According to a report published in the Pakistani English press, based on the US Army Corps of Engineers’ website announcement, the corps has been granted permission to raise a two-storey building complex at the Jinnah International Airport of Karachi to check the smuggling of narcotics and other goods. The purpose is praiseworthy, no doubt; and every possible effort must be made to put an end to drug addiction, the scourge that is spreading fast among the country’s populace, in particular the youth, and eating its vitals like termite. That drugs are causing havoc in Europe and the US and other countries of the world as well is also beyond question, which calls for adopting adequate measures to curb their smuggling. But at the same time, the storehouse, Afghanistan, where well over 90 percent of the globe’s total production of opium is grown, cannot be left unchecked; the evil must be nipped in the bud. Not only stringent steps against its growth have to be taken, but its smuggling out of Afghanistan has also to be stopped. But all these measures could, and ought to be taken by the two countries’ (Pakistan and Afghanistan’s) anti-narcotic forces acting in concert with other agencies like customs. Why the US should be taking up that role is simply incomprehensible! And why on earth should Pakistan be granting it the permission to seek tenders to construct the building? When this newspaper sought comments of different concerned government agencies on the issue, the Defence Division said it was “considering” issuing a rebuttal of the news-item; the ISPR blithely referred the matter to the Air Force, denying any knowledge of it; both Customs and Civil Aviation replied that they held no power to authorise any outside agency to issue a tender of this kind; the PAF appeared clueless and promised to “look into it.” In view of the foggy statements from all Pakistani quarters, perhaps that in itself is the reason the US corps has been requested for help in standing alert over an important port.
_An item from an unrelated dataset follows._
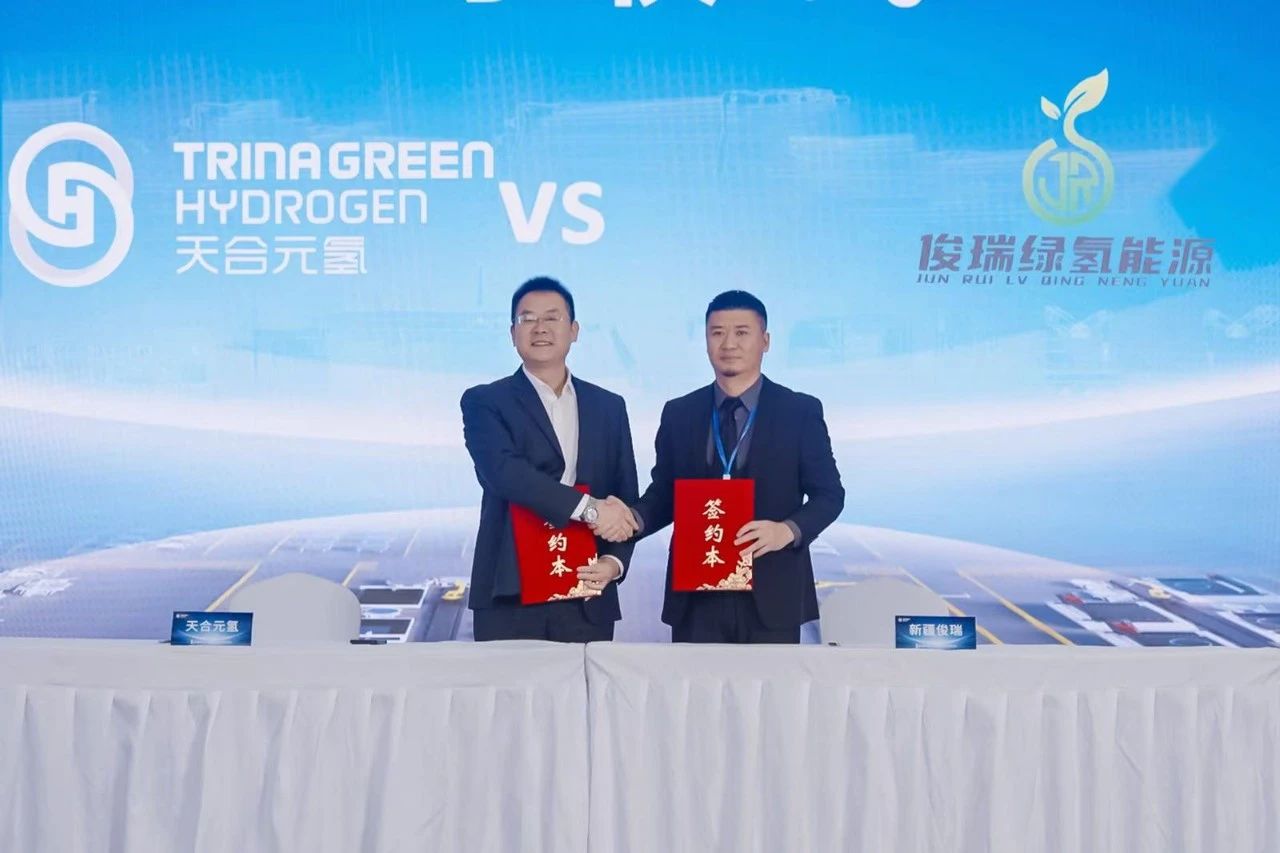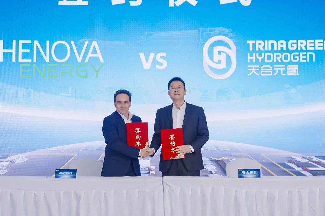 随着天合元氢扬州生产基地的落成,一大批海内外能源企业已经对天合元氢的产品表现出浓厚的兴趣,在投产仪式上,天合元氢与俊瑞绿氢能源(集团)有限公司、西班牙GHENOVA集团签署了战略合作协议,未来双方将充分利用各自品牌优势、技术优势、客户优势,建立信息和资源共享平台,结成长期合作伙伴关系,实现优势互补、合作共赢。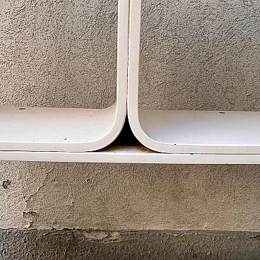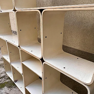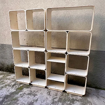 The bookcase in the photo, attributed to Carlo De Carli and produced by Fiarm in the 1970s, consists of two separate bodies but offers the possibility of combining them into a single element. It is made of rectangular and square modules in white lacquered wood with rounded corners, arranged in four vertical rows and four horizontal columns. The structure has several open compartments, some of which have internal shelves, offering a versatile configuration for arranging books and objects. The surfaces are smooth and even, with signs of use and light wear visible on some modules. In addition, you can simply disassemble all the modules to assemble it again, completely changing the configuration. The simple and functional design reflects De Carli's innovative style, with a focus on aesthetics and practicality. This particular model stands out for its innovative use of materials and modularity that allows it to adapt to different space and style requirements.

While the Pakistani nation would wish to have friendly and cordial relations with the US, it already has had enough taste of its inroads in our affairs, as a harmful fallout of the war on terror. Siding with the US in the mission to rid the area of the common enemy of militancy has meant coordination at various levels and the according of concessions that otherwise would have been unthinkable: for example, the operation of the Shamsi airbase by the US to fly drones that ultimately came to be used against our own tribal region; intelligence sharing involving the presence of a large US spy network leading to Raymond Davis murderous episode; so on and so on.

Where one would have hoped the responsible government and military officials to sound a note of warning against opening up as sensitive a seafront as Karachi – and according to reports it would have the authority to scan the entire coastline which might bring the superpower into clash with the Chinese who would be managing the Gwadar deep seaport - it appears from the uncertainty of their responses to the queries of this paper, that such hope from them is naive optimism at best. Perhaps instead of relying on the guardians of our national interest to keep the nation informed, we should be grateful the US corps will be taking up residence at Karachi instead.